Kumaraswamy is an associate professor and Sree a graduate student in the Department of Systems Design Engineering at the University of Waterloo, Canada. They can be contacted at [email protected] and [email protected], respectively.
P eer-to-peer (P2P) systems are based on a distributed computing model in which peers share computer resources and exchange services directly. In P2P systems, computers traditionally used solely as clients can act as both clients and servers. P2P systems increase the utilization of information, bandwidth, and computing resources available via the Internet. In this article, we examine how information can be shared across heterogeneous, autonomous databases held by various peers in P2P systems. In doing so, we present a generic database adapter for data sharing that we call "P2PdataShare."
Information systems that provide inter-operation and degrees of integration among multiple databases are referred to as "multidatabase systems." Such centralized systems address the issues of autonomy and heterogeneity through partial or complete schema integration of multiple databases and partial or complete exposure of schema information of the multiple databases. However, our goal is not to develop yet another centralized information system for data sharing, but to develop a framework that adds on to existing P2P systems to provide data sharing among peers.
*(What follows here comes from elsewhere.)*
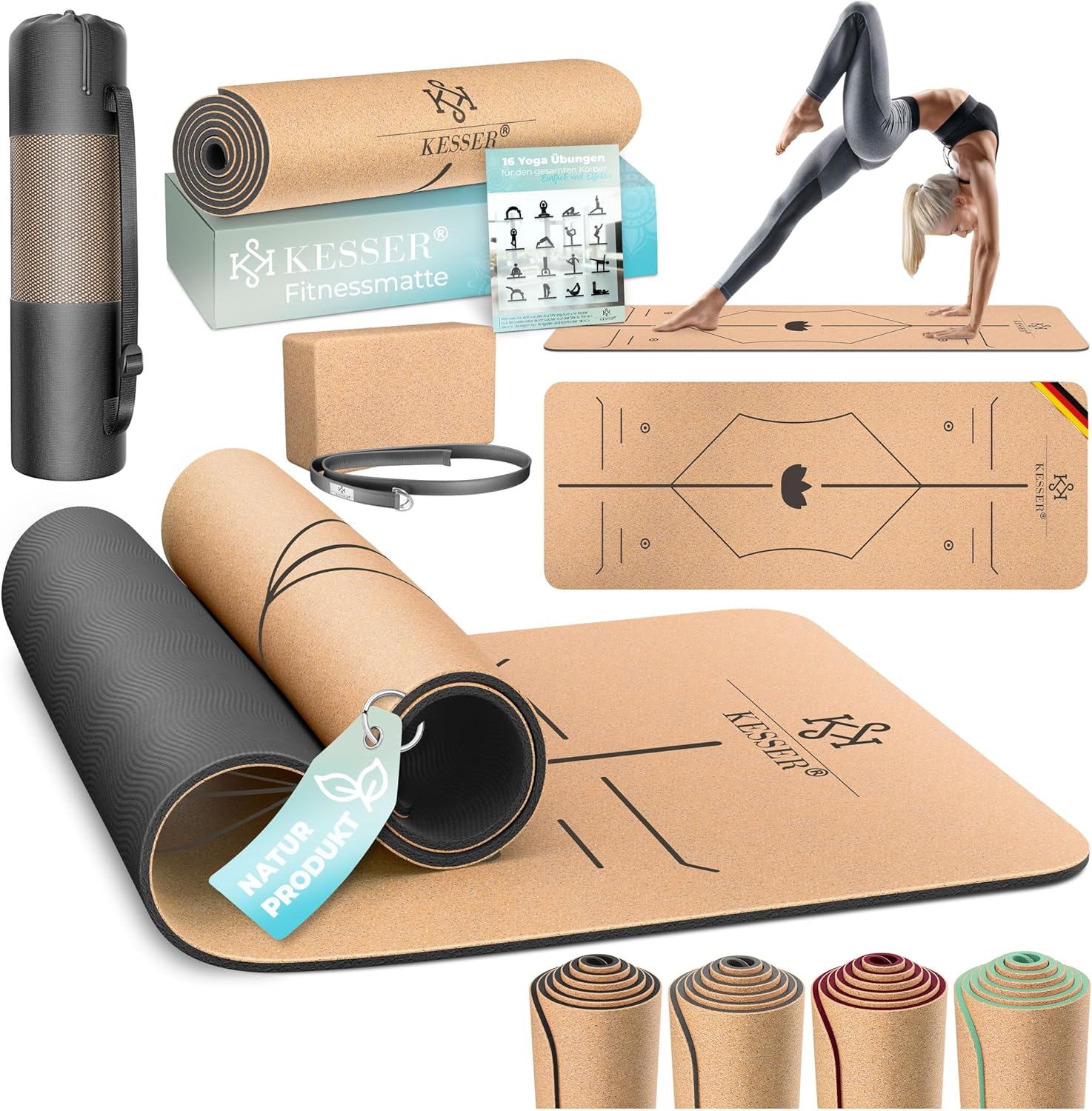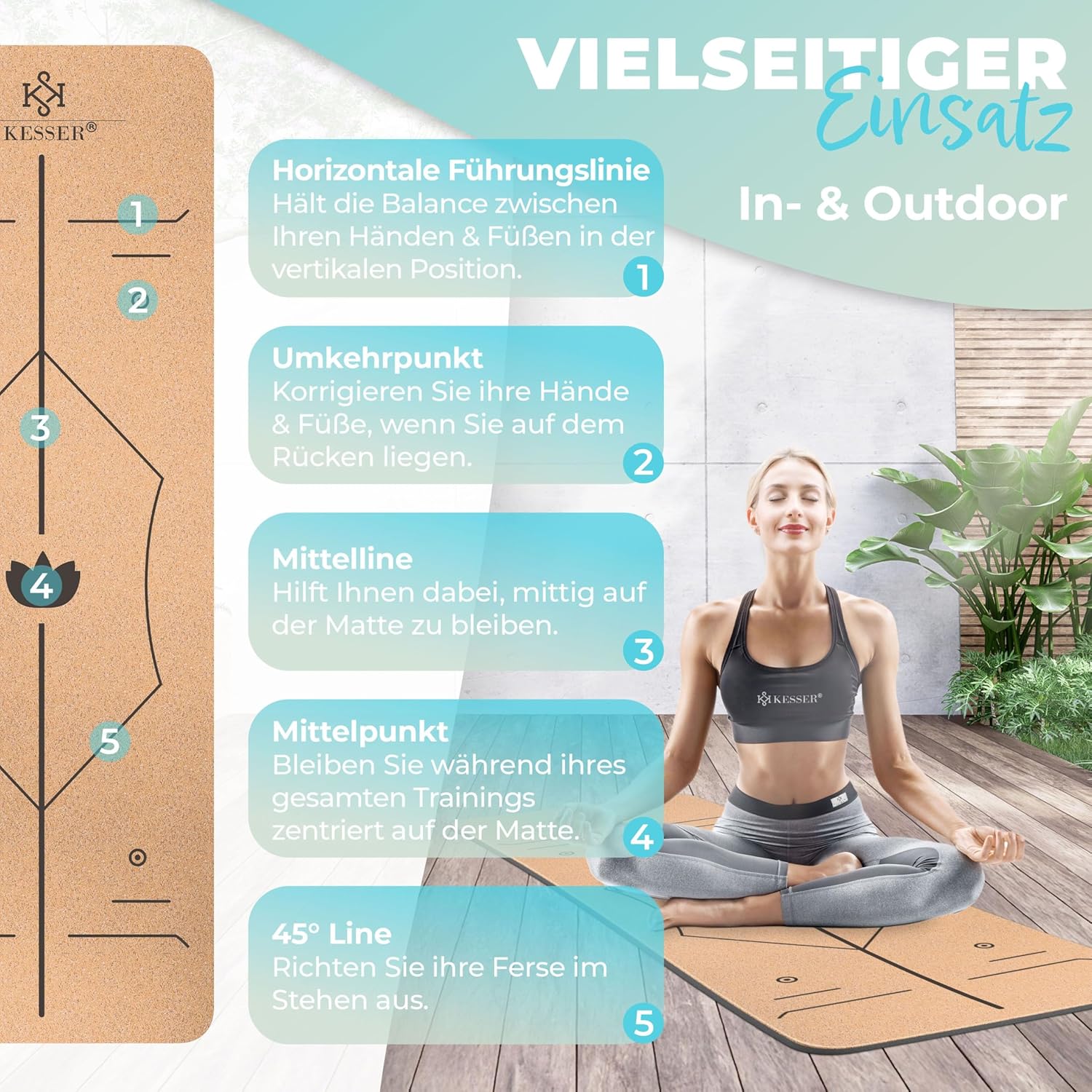 - 𝐒𝐓𝐀𝐁𝐈𝐋 𝐔𝐍𝐃 𝐋𝐀𝐍𝐆𝐋𝐄𝐁𝐈𝐆: Das hochwertige Korkmaterial sorgt wiederum für eine erstaunliche Elastizität und Bruchfestigkeit der Matte. Die Sportmatte lässt sich sehr gut zusammenrollen und springt

To that end, we're assuming that the databases are all relational DBMSs, they are highly autonomous, read-only, and (for security reasons) do not support updates from the P2P system, and a proponent group decides on the Domain-Field Dictionary appropriate for the group (similar to a monitored Internet newsgroup).
P2PdataShare's architecture addresses issues such as data sharing among peers, local autonomy, query construction, and a general model that is flexible and adaptable to real-world domains. To this end, P2PdataShare (see Figure 1) adopts a shared space approach to organize peers into various groups. Typically, a shared space embraces a single real-world domain. A single shared space consists of peers, which own one or more databases related to a common domain.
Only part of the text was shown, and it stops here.